■ **Directions**: What are the lines from the top of the entries through the one with "Plakat w ramie"? Write them out exactly, with no pictures.

[Source records]
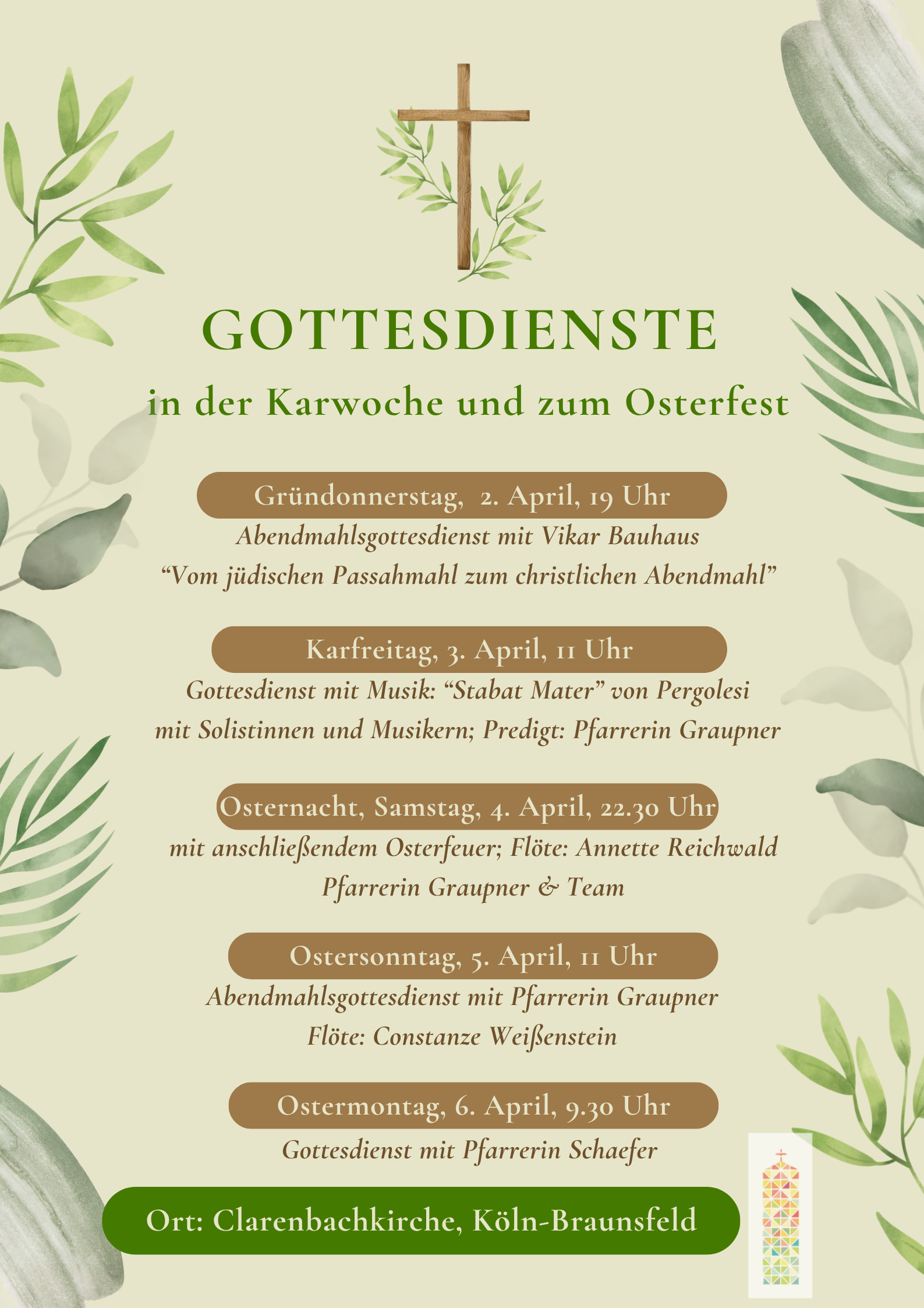 11:00 - 12:00 | Ort: ClarenbachkircheGottesdienst am Ostersonntag mit Abendmahl
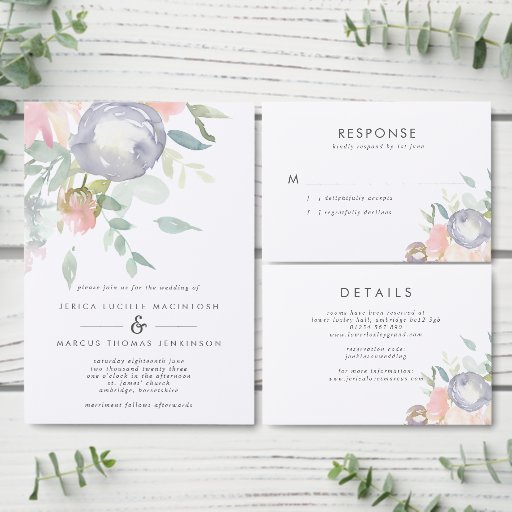 Beautiful wedding napkins featuring watercolor flowers and leaves in dusty blue, pink and green. Your names, large statement ampersand in the centre, and your wedding date, are in dark grey. Matching items are available.
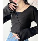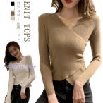 カシュクールニットトップス ニット トップス ニットカットソー ニットソー レディース 長袖 リブニット リブ カシュクール セーター 無地 シンプル
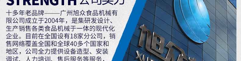 廣州旭眾食品機械有限公司是一家集科研開發(fā),生產(chǎn)設(shè)計,營銷服務(wù)為一體的現(xiàn)代化生產(chǎn)企業(yè)?,F(xiàn)代化生產(chǎn)車間,精湛制造技術(shù),所產(chǎn)機械歷經(jīng)市場重重考驗,不斷贏得海內(nèi)外客戶的贊譽。
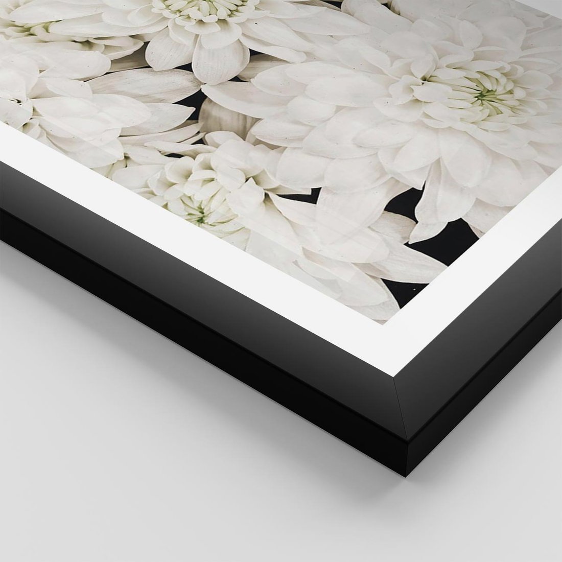 Plakat w ramie 40x50 - Białe Kwiaty: Płatki Delikatności - białe kwiaty, zbliżenie - rama czarna
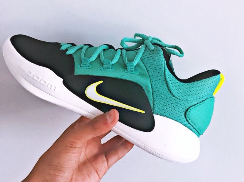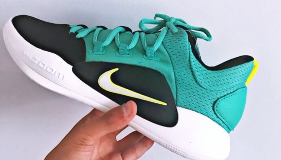 Un mois après avoir découvert les images officielles de la Nike Hyperdunk X, un visuel de la version basse a émergé sur le site Hupu, avec un modèle bleu-vert faisant ressortir les touches de jaune fluo qui lui sont apposées autour du Swoosh et sur l’arrière de la chaussure.

■ **Answer section**:
 11:00 - 12:00 | Ort: ClarenbachkircheGottesdienst am Ostersonntag mit Abendmahl
 Beautiful wedding napkins featuring watercolor flowers and leaves in dusty blue, pink and green. Your names, large statement ampersand in the centre, and your wedding date, are in dark grey. Matching items are available.
 カシュクールニットトップス ニット トップス ニットカットソー ニットソー レディース 長袖 リブニット リブ カシュクール セーター 無地 シンプル
 廣州旭眾食品機械有限公司是一家集科研開發(fā),生產(chǎn)設(shè)計,營銷服務(wù)為一體的現(xiàn)代化生產(chǎn)企業(yè)?,F(xiàn)代化生產(chǎn)車間,精湛制造技術(shù),所產(chǎn)機械歷經(jīng)市場重重考驗,不斷贏得海內(nèi)外客戶的贊譽。
 Plakat w ramie 40x50 - Białe Kwiaty: Płatki Delikatności - białe kwiaty, zbliżenie - rama czarna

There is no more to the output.